Duży rozmiar komputera to też okazja do nie oszczędzania na złączach. Projektanci tego laptopa na szczęście o tym nie zapomnieli: użytkownik ma do dyspozycji dwa porty USB-A 3.2 i dwa złącza USB4 typu C. Dostępne są też złącze HDMI i słuchawkowe. Oprócz tego laptop obsługuje łączność Bluetooth 5.2 i Wi-Fi 6E.
Zawias klapy wyświetlacza wyraźnie daje znać, iż użytkownik ma do czynienia ze sprzętem klasy premium. Komputer otwiera się i zamyka bez żadnego oporu, a zarazem po otwarciu klapy ta pewnie pozostaje na swoim miejscu. Klawiatura jest przyzwoita i wyposażona w dwustopniowy system podświetlenia. Bez większego zmęczenia byłem w stanie pracować na tym komputerze choćby cały dzień, a dużego rozmiaru gładzik o przyjemnej fakturze również sprawdza się bez zarzutów. A uśmiechałem się podczas pracy często, z dwóch powodów.

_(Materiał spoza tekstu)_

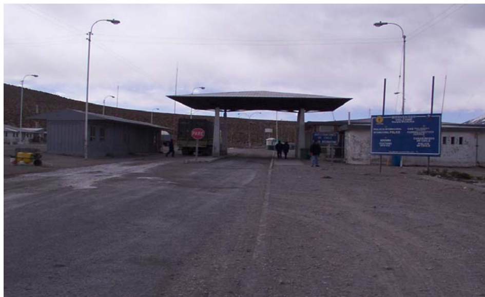
Frontera lado boliviano – área de control de pasajeros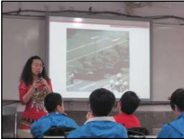
講述六四天安門事件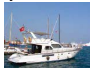
En un barco.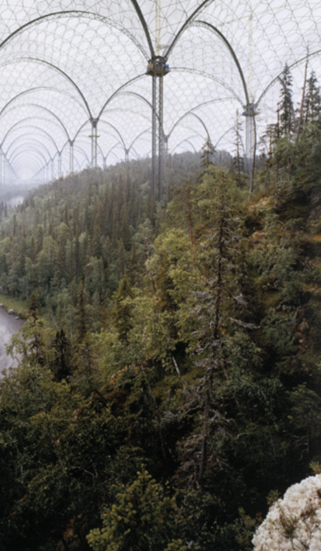
Ilkka Halso: Kitkajoki, 2004 (yksityiskohta)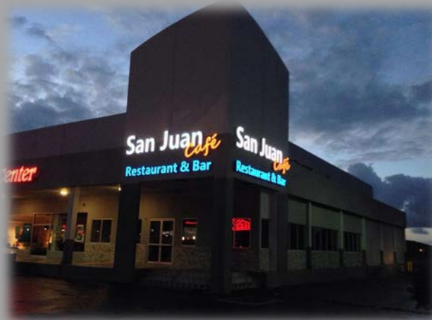
San Juan Café Bar & Grill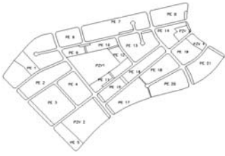
SEÑALACION PARCELARIO/ÁREAS EDIFICABLES 1:5.000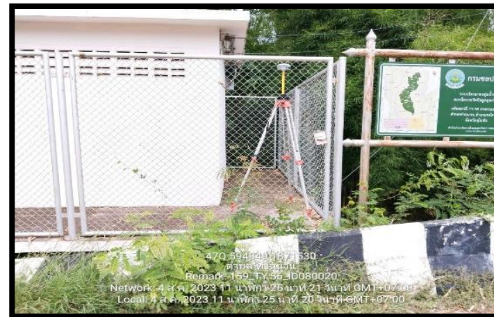
ทิสตะวันตก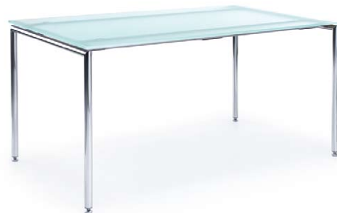
SENSI S4 CHROM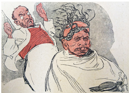
9. Завивка «большевика» // Барабан. 1917. № 4. С. 7 Curling "Bolshevik" // Drum. 1917. № 4. P. 7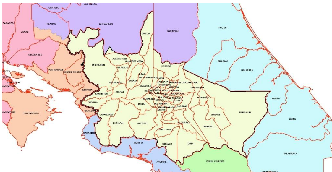
Mapa 1. Unidades de Planeamiento Turístico y Cantones respectivos.

UPT Valle Central y cantones que la integran.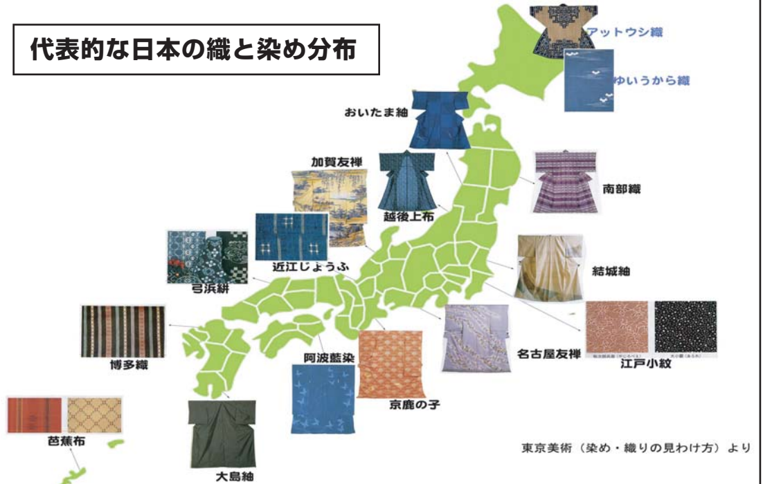
東京美術（染め・織りの見わけ方）より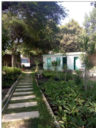
Swiss Cemetery in Cairo

hours per week. In order to become a board member you have to be a Swiss national. If you are interested to know more, you are invited to contact the club under info@swissclubcairo.com . The club management will connect you directly with current board members to answer your questions. We are looking forward to hearing from you soon!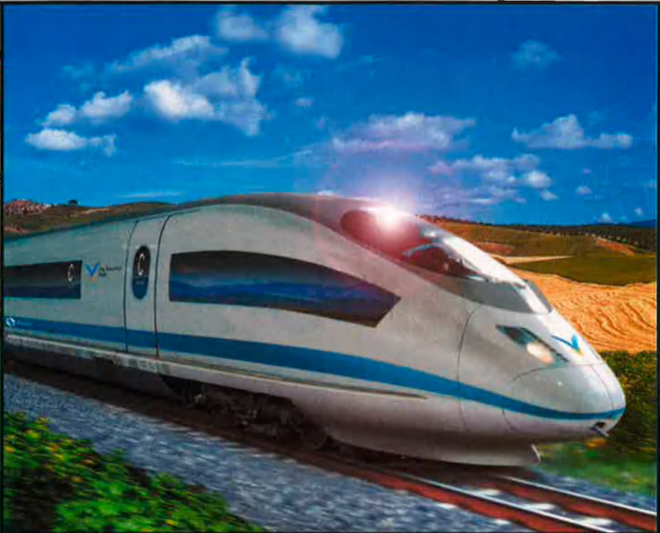
L'AVE que ha d'unir Madrid i el País Valencià com a molt prompte no estarà fins al 2007, tot i que el PP va arribar a parlar del 2010. Al costat, el traçat que encara mantenen des de Foment.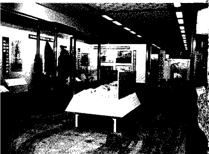
回族文物习指展厅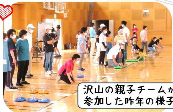
沢山の親子チームが参加した昨年の様子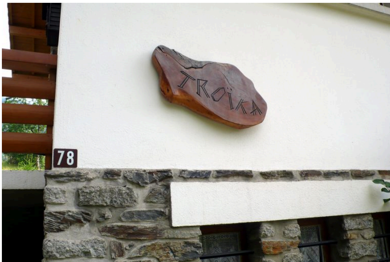
Enseigne du chalet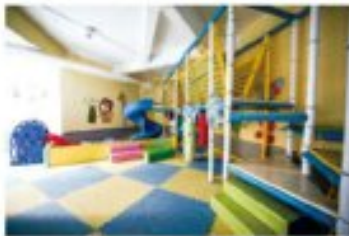
乐山邦泰·国际社区各种儿童游乐设施

到了业主的高度认可。在细节方面，仅标识牌一项就 花费30余万元，全部采用高档玫瑰金材质，大到单 元标识、小房号牌、楼层都有标识指示。本批次交付 的27栋、28栋、29栋、30栋住宅均有限空层送会所， 并赠送业主车库。电梯采用的是知名品牌通力电 梯。设置小区8万平方米的皇家园林园林中庭 景观、2000平方米的游泳池、5000平方米的人工湖等 ——景观在眼前，大气沉稳而内敛，行在其间，回家似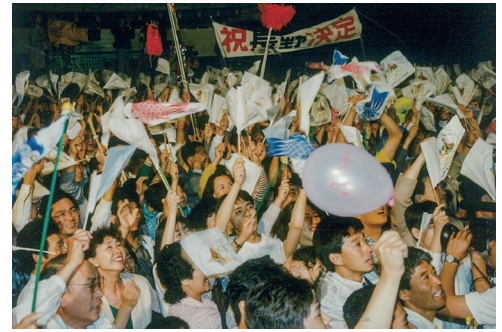
善光寺境内で開催決定に沸き立つ人々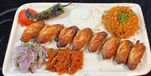
KANAT 169:- Marinerade Kycklingvingar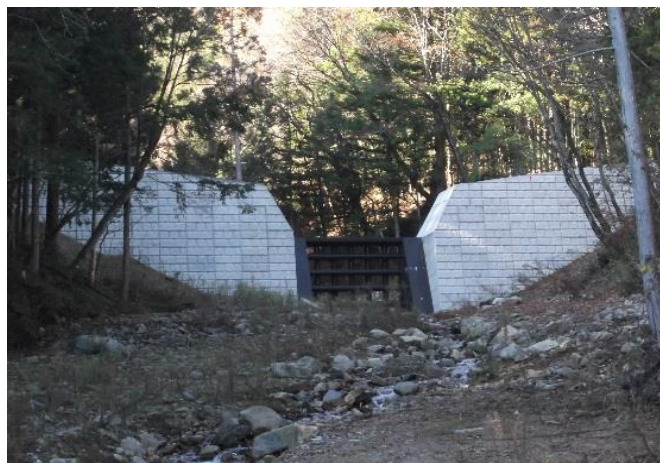
平成26年度完成した砂防えん堤 （上穂沢川）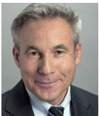
Consiglio nazionale Adrian Amstutz, UDC Imprenditore, Sigriswil adrian-amstutz.ch

To najpiękniejszy wyświetlacz laptopa, z jakim miałem do czynienia. Acer Swift Edge 16 urzeka też swoją kamerką.
16-calowy wyświetlacz OLED o proporcjach 16:10 (3840 x 2400 pikseli) już z samego opisu rodzi nadzieję na przepiękny obraz z perfekcyjnym kontrastem. Sama specyfikacja już to sugeruje: ów kontrast przez technologię OLED jest w zasadzie gwarantowany, a taka rozdzielczość przy tym rozmiarze matrycy daje pewność ostrego, klarownego obrazu. A co z pozostałymi parametrami? Cóż, jest rewelacyjnie.

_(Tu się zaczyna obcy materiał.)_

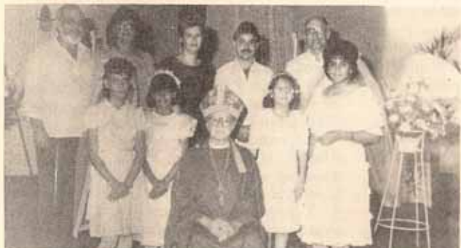
Confirmados y recibidos en Iglesia Cristo Rey Caguas, P.R.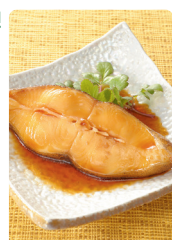
湯煎で簡単！ からすがれいの煮付け

1回あたり1,080円(税込) ※月11回宅配の場合 ※月10回宅配の場合は1回あたり1,188円(税込)となります。(11,880円(税込)/月)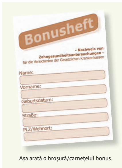
Așa arată o broșură/carnețelul bonus.

Dinții sănătoși sunt un fragment din calitatea vieții. De aceea sunt importante consulturile regulate – chiar dacă nu aveți plângeri. Casele de sănătate obligatorii preiau și costurile acestor consultații preventive. Aceste investigații ajută la recunoașterea și tratarea din timp a anumitor îmbolnăviri. Pentru acest lucru puteți primi un așa-numit „Bonusheft/Carnet bonus“ din partea casei dumneavoastră de sănătate. În acest caiet se înregistrează consultații regulate. Dacă puteți dovedi că ați consultat minim o dată pe an (sub 18 ani minim o dată la jumătate de an) un dentist, casa de sănătate vă plătește o subvenție mai mare în cazul în care devine necesară o proteză.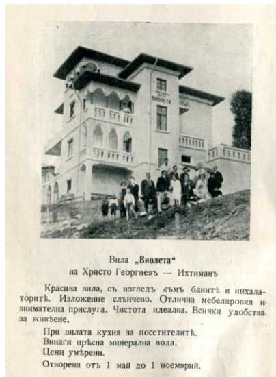
Фиг. 5. Реклама на вила „Венера“ Фиг. 6. Реклама на вила „Виолета“

Отпечатването на книгата е било възможно благодарение на рекламите на: „Р. Шилдхауер“, генерален представител на концерна „Демаг“, „Бабкос – Вилкокс – Оберхаузен“, „Вайзе – Зьоне“, „Амаг – Хилперт“, „Фелден и Гьом – Карлсверк“, „Гарбе, Ламайер и Ко“ и „Хартман и Браун – Франкфурт“, Държавни каменовъглени мини „Перник“, Българско акционерно дружество „Гранитоид“, шоколадова фабрика „Пеев“ (фиг. 7).

Szczytowa jasność ekranu to ponad 500 nitów, a komputer jest w stanie utrzymać tę jasność przez dłuższy czas. To oznacza świetne wrażenia HDR podczas oglądania filmów czy zabawy z grami wideo, a także zdolność do niemal perfekcyjnej reprodukcji całej palety barwnej DCI-P3. Praca z tekstem czy multimediami to przyjemność, która nie męczy wzroku, a parametry wyświetlacza umożliwiają choćby profesjonalną obróbkę materiałów. Do ideału brakuje odświeżania powyżej 60 Hz, ale takich wyświetlaczy, łączących wysokie odświeżanie z resztą parametrów Edge’a 16 jeszcze nie ma.

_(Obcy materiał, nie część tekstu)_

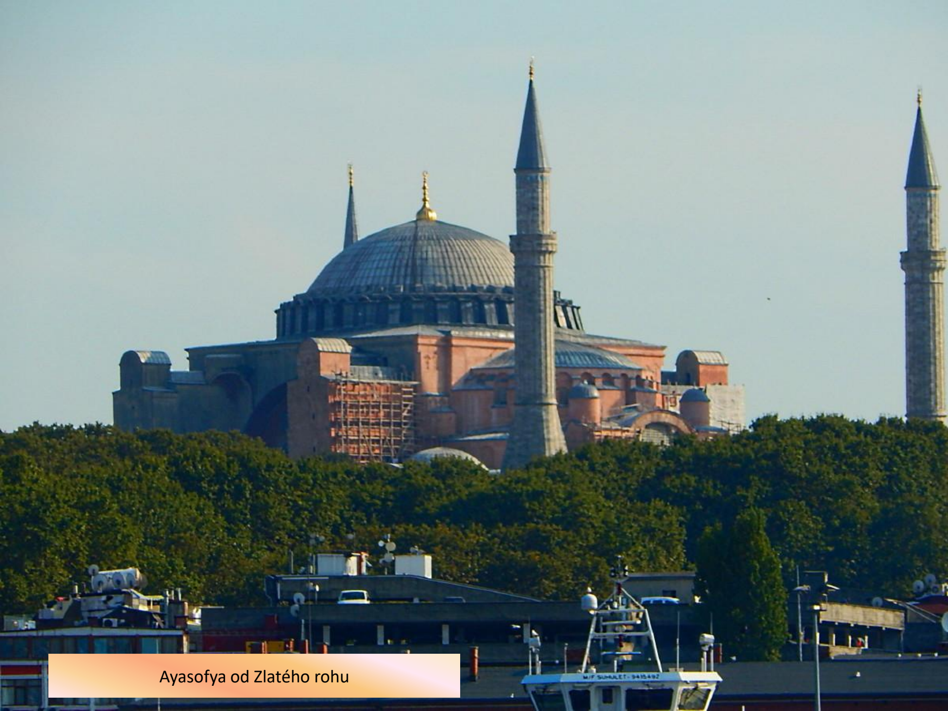
Ayasofya od Zlatého rohu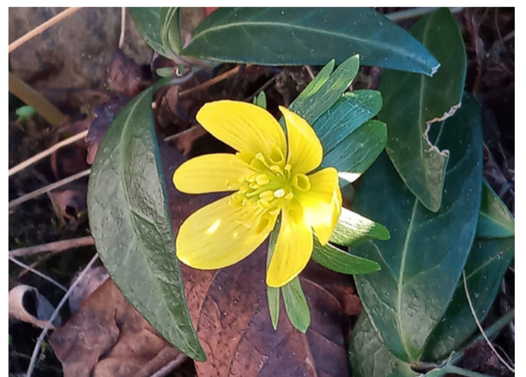
A Téltemető februári virágzása jelzi, hogy hamarosan megérkezik a tavasz! Ez a bakonyi tölgyesekben is telepeket alkotó, védett kis virág 8-15 cm magasra emeli ragyogó sárga fejcskéjét a zöld levelek fölé. (Sz.Cs.)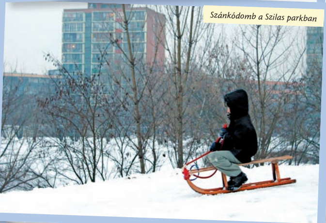
Szánkódomb a Szilas parkban

Świetna jest też jego internetowa kamera, to jeden z lepszych webcamów w laptopach, jakie testowałem. Rejestruje obraz w rozdzielczości Full HD i bardzo dobrze sobie radzi również przy słabym oświetleniu. Nie jest to kamera biometryczna, ale to nie oznacza, iż Swift Edge 16 nie może być zabezpieczany mechanizmem Windows Hello – do tego służy szybki czytnik linii papilarnych.
Całość wyposażenia uzupełniają głośniki stereo, nad którymi zachwycać się nie będę. Nie są złe i oferują ponadprzeciętną jakość dźwięku jak na system wbudowany w laptopa. Tym niemniej odtwarzanie muzyki raczej nie jest specjalizacją tego sprzętu.
A co z wydajnością? Komputer umiejętnie zarządza mocą, energią i chłodzeniem.
Układy scalone Ryzen wykonywane są w bardzo nowoczesnej litografii, a mikroarchitektury Zen (CPU) i RDNA (GPU) już kilka generacji z rzędu udowadniają, iż odpowiedzialni za nie inżynierowe wiedzą, co robią. W efekcie chipy Ryzen najczęściej wyprzedzają odpowiedniki od innych firm pod względem wydajności, oferując przy tym niższe zużycie energii. A także, bonusowo, niemal zawsze wyższą wydajność obróbki grafiki 3D.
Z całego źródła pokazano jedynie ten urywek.